TASK OBJECTIVE: Each line of the data below goes into the copy exactly; pictures do not.

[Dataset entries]
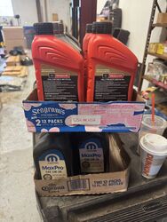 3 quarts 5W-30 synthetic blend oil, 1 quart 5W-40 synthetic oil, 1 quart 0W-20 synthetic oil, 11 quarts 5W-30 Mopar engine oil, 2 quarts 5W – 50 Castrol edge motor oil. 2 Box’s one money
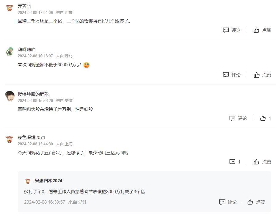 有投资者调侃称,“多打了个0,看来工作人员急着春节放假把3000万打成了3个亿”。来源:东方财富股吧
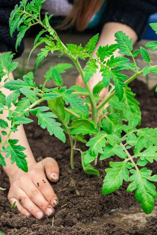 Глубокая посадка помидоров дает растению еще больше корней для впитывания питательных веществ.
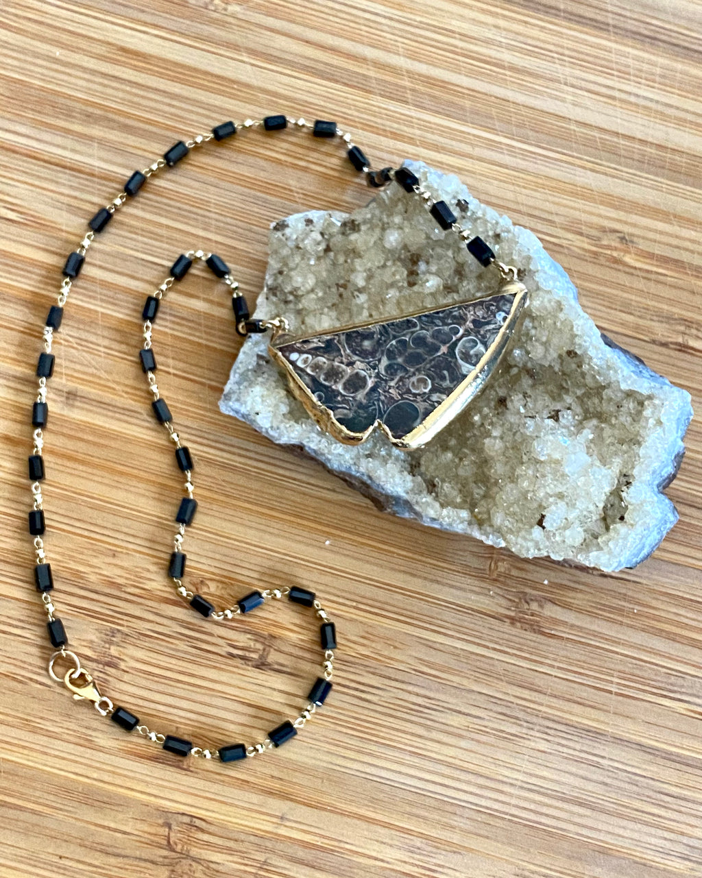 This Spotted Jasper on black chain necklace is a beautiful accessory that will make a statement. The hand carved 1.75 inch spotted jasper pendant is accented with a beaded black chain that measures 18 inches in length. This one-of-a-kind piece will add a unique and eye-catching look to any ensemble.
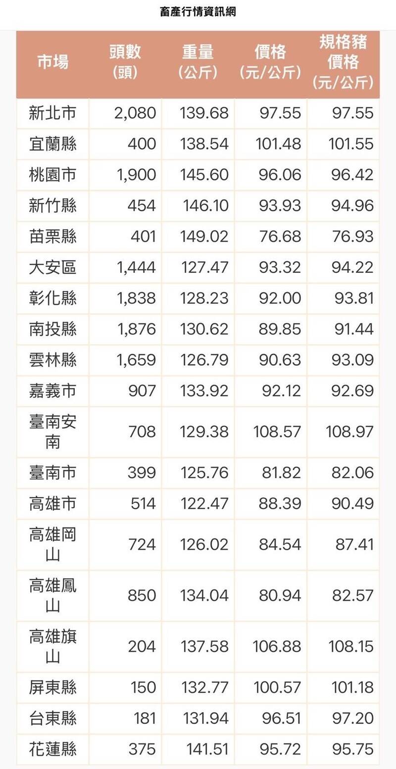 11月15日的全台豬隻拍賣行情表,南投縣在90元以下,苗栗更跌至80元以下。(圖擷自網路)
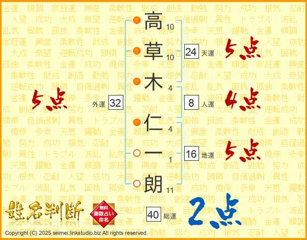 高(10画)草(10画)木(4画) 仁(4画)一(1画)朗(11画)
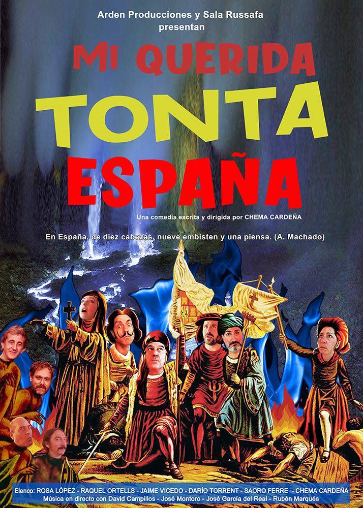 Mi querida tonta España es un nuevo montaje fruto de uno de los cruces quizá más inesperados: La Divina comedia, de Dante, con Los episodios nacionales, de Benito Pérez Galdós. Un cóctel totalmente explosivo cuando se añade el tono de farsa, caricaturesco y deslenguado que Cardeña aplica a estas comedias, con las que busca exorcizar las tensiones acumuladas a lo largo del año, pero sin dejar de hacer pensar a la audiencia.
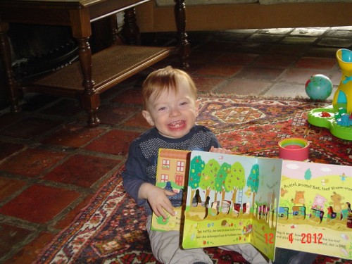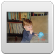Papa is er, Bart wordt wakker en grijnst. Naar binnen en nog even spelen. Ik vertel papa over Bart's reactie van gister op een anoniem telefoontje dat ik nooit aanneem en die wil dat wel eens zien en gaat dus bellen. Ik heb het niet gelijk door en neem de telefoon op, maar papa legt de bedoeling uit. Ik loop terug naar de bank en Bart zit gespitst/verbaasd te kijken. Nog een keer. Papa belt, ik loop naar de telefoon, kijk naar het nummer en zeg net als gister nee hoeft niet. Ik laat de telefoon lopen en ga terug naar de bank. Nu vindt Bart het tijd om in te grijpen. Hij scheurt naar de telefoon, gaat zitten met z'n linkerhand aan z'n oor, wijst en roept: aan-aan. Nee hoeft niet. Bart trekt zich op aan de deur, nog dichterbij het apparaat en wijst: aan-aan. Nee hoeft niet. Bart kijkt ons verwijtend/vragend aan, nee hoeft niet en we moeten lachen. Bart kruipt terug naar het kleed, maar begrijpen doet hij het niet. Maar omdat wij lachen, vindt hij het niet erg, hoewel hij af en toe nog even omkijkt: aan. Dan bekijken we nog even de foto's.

RESPONSE TO THIS TASK:
 3 quarts 5W-30 synthetic blend oil, 1 quart 5W-40 synthetic oil, 1 quart 0W-20 synthetic oil, 11 quarts 5W-30 Mopar engine oil, 2 quarts 5W – 50 Castrol edge motor oil. 2 Box’s one money
 有投资者调侃称,“多打了个0,看来工作人员急着春节放假把3000万打成了3个亿”。来源:东方财富股吧
 Глубокая посадка помидоров дает растению еще больше корней для впитывания питательных веществ.
 This Spotted Jasper on black chain necklace is a beautiful accessory that will make a statement. The hand carved 1.75 inch spotted jasper pendant is accented with a beaded black chain that measures 18 inches in length. This one-of-a-kind piece will add a unique and eye-catching look to any ensemble.
 11月15日的全台豬隻拍賣行情表,南投縣在90元以下,苗栗更跌至80元以下。(圖擷自網路)
 高(10画)草(10画)木(4画) 仁(4画)一(1画)朗(11画)
 Mi querida tonta España es un nuevo montaje fruto de uno de los cruces quizá más inesperados: La Divina comedia, de Dante, con Los episodios nacionales, de Benito Pérez Galdós. Un cóctel totalmente explosivo cuando se añade el tono de farsa, caricaturesco y deslenguado que Cardeña aplica a estas comedias, con las que busca exorcizar las tensiones acumuladas a lo largo del año, pero sin dejar de hacer pensar a la audiencia.
Papa is er, Bart wordt wakker en grijnst. Naar binnen en nog even spelen. Ik vertel papa over Bart's reactie van gister op een anoniem telefoontje dat ik nooit aanneem en die wil dat wel eens zien en gaat dus bellen. Ik heb het niet gelijk door en neem de telefoon op, maar papa legt de bedoeling uit. Ik loop terug naar de bank en Bart zit gespitst/verbaasd te kijken. Nog een keer. Papa belt, ik loop naar de telefoon, kijk naar het nummer en zeg net als gister nee hoeft niet. Ik laat de telefoon lopen en ga terug naar de bank. Nu vindt Bart het tijd om in te grijpen. Hij scheurt naar de telefoon, gaat zitten met z'n linkerhand aan z'n oor, wijst en roept: aan-aan. Nee hoeft niet. Bart trekt zich op aan de deur, nog dichterbij het apparaat en wijst: aan-aan. Nee hoeft niet. Bart kijkt ons verwijtend/vragend aan, nee hoeft niet en we moeten lachen. Bart kruipt terug naar het kleed, maar begrijpen doet hij het niet. Maar omdat wij lachen, vindt hij het niet erg, hoewel hij af en toe nog even omkijkt: aan. Dan bekijken we nog even de foto's.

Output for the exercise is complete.